F — Verification commands on the Router

Run the following commands on the router CLI to verify the configuration:

show ip interface brief
show ipv6 interface brief
show vlans

You should see all 4 sub-interfaces with status up/up and their correct IPv4 and IPv6 addresses.

G — Verification commands on the Switch

Run the following commands on the switch CLI:

show vlan brief
show interfaces trunk

show vlan brief — confirms which ports are assigned to which VLANs.
show interfaces trunk — shows the trunk port and which VLANs it carries.

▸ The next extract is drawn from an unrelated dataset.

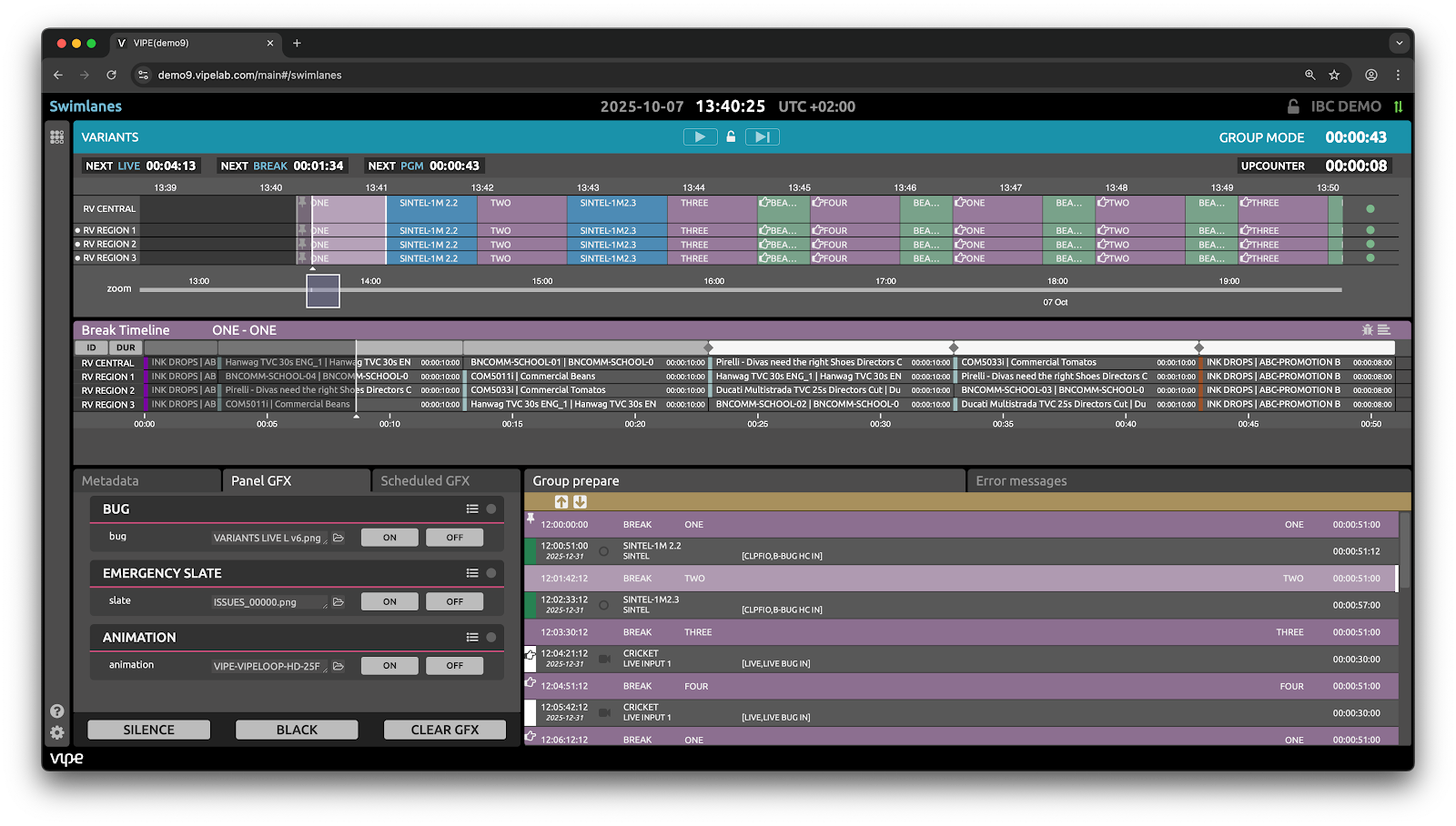 Using swim-lane and break-container UI, operators can manage breaks in live events across dozens of channels at a glance. Identifying timing issues becomes immediately apparent, even to a non-expert, allowing for preemptive correction. This design transforms multi-channel management of live events from a high-stress juggling act into a calm, predictable process.

Troubleshooting: If a ping fails:

Check the PC’s IPv4/IPv6 address, mask/prefix, and gateway
Verify the PC is connected to the correct switch port
On the switch, run show vlan brief to confirm port-to-VLAN mapping
On the router, run show ip interface brief and show ipv6 interface brief
Confirm ipv6 unicast-routing is enabled: show running-config | include ipv6
Make sure the physical interface GigabitEthernet0/0 is no shutdown

💬 Reflection Questions

What happened when you tried to ping across VLANs before configuring the router (Task 4)? Why?
What is the difference between an access port and a trunk port?
Why do we use sub-interfaces on the router instead of separate physical interfaces?
How many /64 subnets could TechNova create from their /48 prefix? Will they ever run out?
If TechNova opens a 5th department (Marketing), what VLAN number and IPv6 subnet would you assign?
What are two benefits of using VLANs to segment a network?

📋 Summary

In this practical you have:

Planned IPv6 subnets by dividing a /48 prefix into /64 subnets (one per department)
Created 4 VLANs on a switch and assigned access ports to each
Demonstrated VLAN isolation — devices in different VLANs cannot communicate without a router
Configured a trunk link between the switch and router
Set up inter-VLAN routing using sub-interfaces (router-on-a-stick)
Assigned dual-stack (IPv4 + IPv6) addresses to all devices
Verified connectivity using ping for both IPv4 and IPv6 across all VLANs
Used verification commands: show vlan brief, show interfaces trunk, show ip interface brief, show ipv6 interface brief

Save your Packet Tracer file! You may extend this network in future practicals to add routing protocols, DHCP, or additional sites.